Dimmuborgir: an Icelandic Encounter

From inside a cave, DimmuborgirI’m still here… after a half-year hiatus and silence around my person, I say I’m still here. Loki said something quite similar to me during my one week stay in Iceland last month (June). Iceland, the country He’s been warmly recommending I visit for years; the country that always went along a feeling of belonging from Him, whenever it came up in our encounters — as a thought, an idea, a feeling.

This trip to Iceland has been a long time coming, and has been tangibly in planning (with dates and all that) for somewhat around a year.
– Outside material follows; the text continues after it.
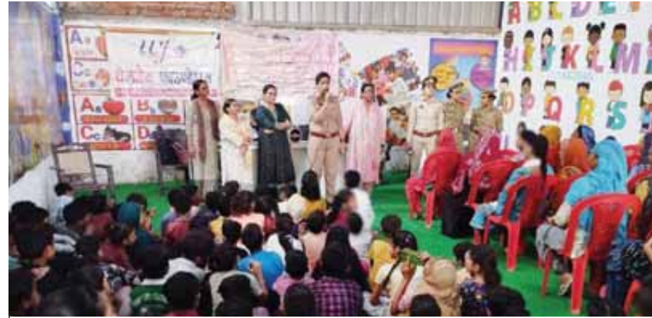
गौतम बुद्धनगर में महिला सुरक्षा को लेकर लोगों को जागरूक करती पुलिस अधिकारी।

जिसके बाद 15 अग्निशमन की गाड़ियों को घटनास्थल के लिए रवाना किया गया। दमकल विभाग के का कहना है कि फिलहाल किसी के हाताहत होने की सूचना नहीं मिली है और आशंका जताई जा रही है कि आग शॉर्ट सर्किट के कारण लगी, लेकिन अभी पुष्टा तौर पर कुछ नहीं कहा जा सकता है। हालांकि बैंकट हॉल में रखा सारा सामान जलकर खाक हो गया है। आग पर काबू पा लिया गया है। दमकल विभाग ने जांच शुरू कर दी है।

Little did I know then that the dates in question would fall in the midst of my greatest crisis since we, He and I, met over four years ago. I almost decided not to go.
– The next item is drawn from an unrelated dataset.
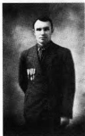
Архімандрит СВЯТОСЛАВ МАГАЛЯС

But then I couldn’t be here to tell the story, to say the least… especially considering how this trip to Iceland became that much of a catalyst for my relationship with my most Beloved God.

Dimmuborgir: the Dark Cities

I travelled with a friend of mine, from my former home town… and it was she who mentioned the word “Dimmuborgir” in passing while we were planning our travels. As a possible day-trip destination. My friend forgot about mentioning it soon after, or at least it didn’t stick with her as anything important. Quite to the contrary, all my own bells startet chiming at once, and although we’d only fix our travel destination much later — semi-coincidentally within a few hours’ driving distance — I simply knew: that’s where I need to go.

Lavator, Dimmuborgir

Dimmuborgir, that’s a scenery of lava formations as far as you can see, towering, shattered, brittle, jagged black sculptures that give credit to their name. In between, there’s an ocean of low-growing birch trees, the ground is covered with blueberry shrubs and moss of colours between white-ish yellow, green and reddish. Here and there, flowers grow in pillow-like little cushions. And Dimmuborgir, that’s an immediate and immense feeling of familiarity with the quirks, associations, the indomitable, un-quelled energies this place evokes for me. Not a quiet place, but one that is riddled with contradiction, whose very invitation is full of unspoken warning, yet even in its incongruity is still deeply felt as what it is: an invitation.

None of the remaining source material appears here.